We are full for the 2017 CSA Season!
Not accepting enrollments until April 15, 2018.
We’re on to our 29th great season of weekly produce deliveries to our customers who have enrolled for the summer. As a subscriber, you receive a full array of vegetables grown here on the farm delivered to a central location each week, starting in mid-June and ending in late September.
What is Community Supported Agriculture?
Community Supported Agriculture is an answer to what is a worldwide concern: the production and distribution of high quality, carefully produced food. In joining our CSA program you are supporting your food producers directly and avoiding the middle people (i.e. the distributor and the retailer).
You are purchasing sustainably and locally grown produce, thereby avoiding the high environmental and health costs and questionable merits of agricultural chemicals, genetic modification, and the fossil fuels and other resources necessary for growing it and shipping it long distances. In exchange, you will receive high quality, toxin free, nutrient rich, flavorful produce on a weekly basis, freshly harvested the same day it’s delivered.

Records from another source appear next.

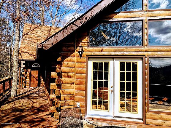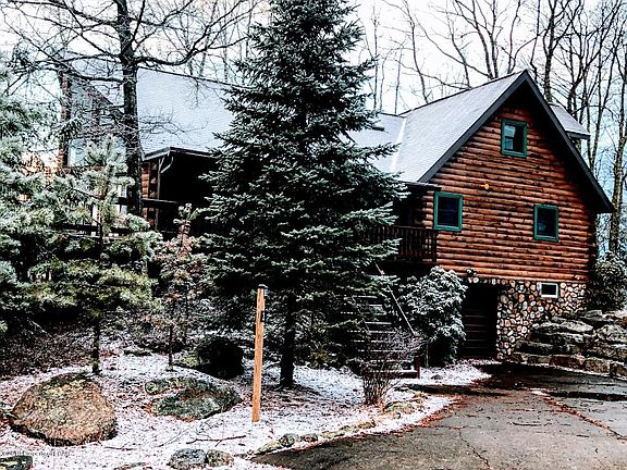 LOG HOME THAT LEADS TO A WATERFALL AND OVERLOOKS THE MOUNTAINS IN THE GATED COMMUNITY OF EAGLE ROCK RESORT IN THE BLUE MOUNTAINS OF PA! Sit on the deck and hear the soothing sound of the waterfalls as you take in the view of the mountains , Take a hike from your property along the babbling stream that leads to the waterfall. The perfect retreat mountain log home for all of log home enthusiasts''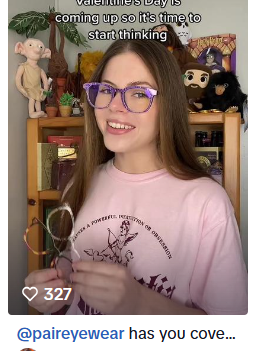 在与哈利波特联名系列上线时,博主 @tessanetting 发布了 “选择你的角色” 变装视频,视频中她随着音乐切换哈利波特里的不同角色,而 Pair 的哈利波特联名眼镜也会跟随角色变化相应的款式,这一创意视频获得了 13.3k 的点赞,进一步带动了该系列的传播热度。带动该系列首月狂卖 8 万件。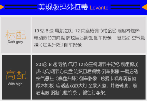 17款玛莎拉蒂Levante系列标配了电控可变阻尼空气悬架系统、巡航控制、玛莎拉蒂稳定性程序、陡坡缓降、坡道起步辅助、电子驻车、胎压监测、电动尾门、前排座椅加热、天鹅绒地毯、全景天窗、主动换挡拨片等。其中,高配车型Levante S还配备有升级版皮革内饰、自适应大灯、大灯清洗等配置。咨询电话;189 0217 3222 张女士(同微信)189 0218 7222 吴经理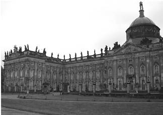 От дворца Сан-Суси прямая аллея ведет к громаде Нового дворца, построенного в стиле рококо в 1763-69 г.г. по приказу Фридриха Великого. Двухэтажное здание, вертикально членененное белыми пилястрами, с окнами, увенчанными полукруглыми и треугольными фронтонами, осенено полукруглым куполом на высоком барабане. Стремление здания ввысь ограничивает изящная балюстрада с вазами и скульптурами, окружающая крышу. На дворцовый фасад обращены 2 отдельно стоящих павильона с шестиколонными портиками и куполами каждый, соединенные красивой полукруглой колоннадой.

Season-long weekly produce deliveries
A subscription will provide you with an abundance of produce for a 2-4 member household. Count on enough produce to supply your vegetable needs all week long.
The contents of each week’s delivery will vary according to which vegetables are ripe for the picking. Every delivery will include a good supply of salad ingredients. As the season progresses an increasing assortment of vegetables is included. Expect the short- season varieties like spinach, Market Express turnips, and radishes early on, and the longer-season varieties like cabbage and carrots later in the summer.
Subscribers can look forward to new and unusual vegetables such as kohlrabi, chioggia beets, leeks, Yellow Finn, purple and other varietal potatoes, Easter Egg radishes and colorful cauliflower, along with the old standards like carrots, Swiss chard, cabbage, broccoli, turnips, onions, celery, spinach, zucchini, etc., fresh herb bouquets (including chives, marjoram, parsley, oregano, sage, basil), salad greens (including arugula, mizuna, and an assortment of lettuces and mustards), and even a share of the apple harvest!
Also included with every delivery is a newsletter identifying its contents and recipes to give you ideas for preparing the vegetables provided that week, especially the more
Sorry, we are full for the 2017 CSA Season!
If you would like to receive an email notification on April 15th, 2018, which will provide you a link to the enrollment form, please sign up here for our CSA Enrollment Email List.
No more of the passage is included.